Mendengar laporan perajurit jaga bahwa ada puteri Ong Su dari Nan-king hendak menghadapnya, Jenderal Chou menjadi girang. Tentu saja dia ingat akan Ong Su, bekas Kepala Kebudayaan Kerajaan Chou, seorang yang amat setia kepada: Kerajaan Chou sehingga kini lebih suka mengungsi ke Nan-king daripada harus bekerja pada pemerintahan baru Ong Su itu masih terhitung saudara misannya. Maka dia lalu menyuruh puteranya, Chou Kian Ki untuk keluar dan menyambut kedatangan puteri Ong Su itu.
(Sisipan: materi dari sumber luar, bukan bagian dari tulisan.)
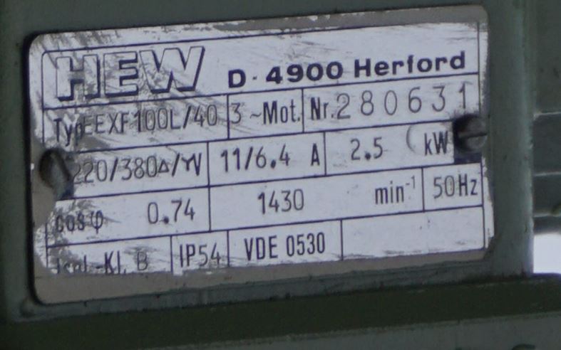 Motor ex-geschützt; die Übereinstimmung mit den aktuell geltenden ATEX-Richtlinien ist zu überprüfen

Kian Ki segera keluar dan setelah tiba di pintu gerbang, dia tercengang melihat seorang gadis yang cantik, pakaiannya rapi akan tetapi tidak mewah dan sikapnya agung, duduk di atas bangku.
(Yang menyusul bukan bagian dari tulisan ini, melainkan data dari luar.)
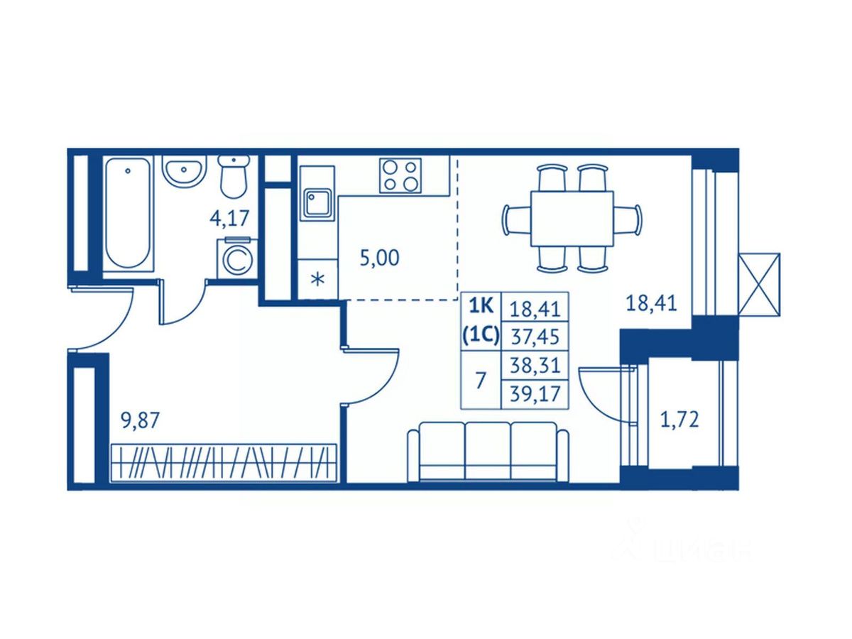 18,4 м²

Kian Ki menghampiri dan segera bertanya. "Apakah Nona lni puteri Paman Ong Su dari Nan-king?"

"Benar, saya puterinya. Siapakah Kong-cu (Tuan Muda)?" tanya Hui Lan sambil bangkit berdiri dan memandang pemuda tinggi tegap berpakaian mewah dan berwajah jantan dan tampan itu.

Kian Ki segera mengangkat kedua tangan depan dada untuk memberi hormat. "Ah, kiranya Ong Siocia (Nona Ong). Selamat datang di rumah kami! Aku adalah Chou Kian Ki, putera Jenderal Chou. Mari, silakan masuk untuk bertemu dengan ayah, Nona."

"Terima kasih," kata Hui Lan dan mereka berdua segera berjalan menuju gedung.

Setelah memasuki ruangan yang luas itu dan berhadapan dengan Jenderal Chou Hui Lan segera memberi hormat dengan sikap lembut dan sopan.

"Paman, saya Ong Hui Lan memenuh perintah ayah untuk menyampaikan surat ini kepada Paman." katanya sambil menyerahkan surat itu.

"Hui Lan, aku ingat pernah melihatmu di rumah ayahmu dahulu belasan tahun yang lalu. Engkau masih kecil ketika itu. Duduklah, Hui Lan." kata Jenderal Chou, senang dan kagum melihat keponakannya yang kini telah menjadi seorang gadis dewasa yang cantik dan gagah.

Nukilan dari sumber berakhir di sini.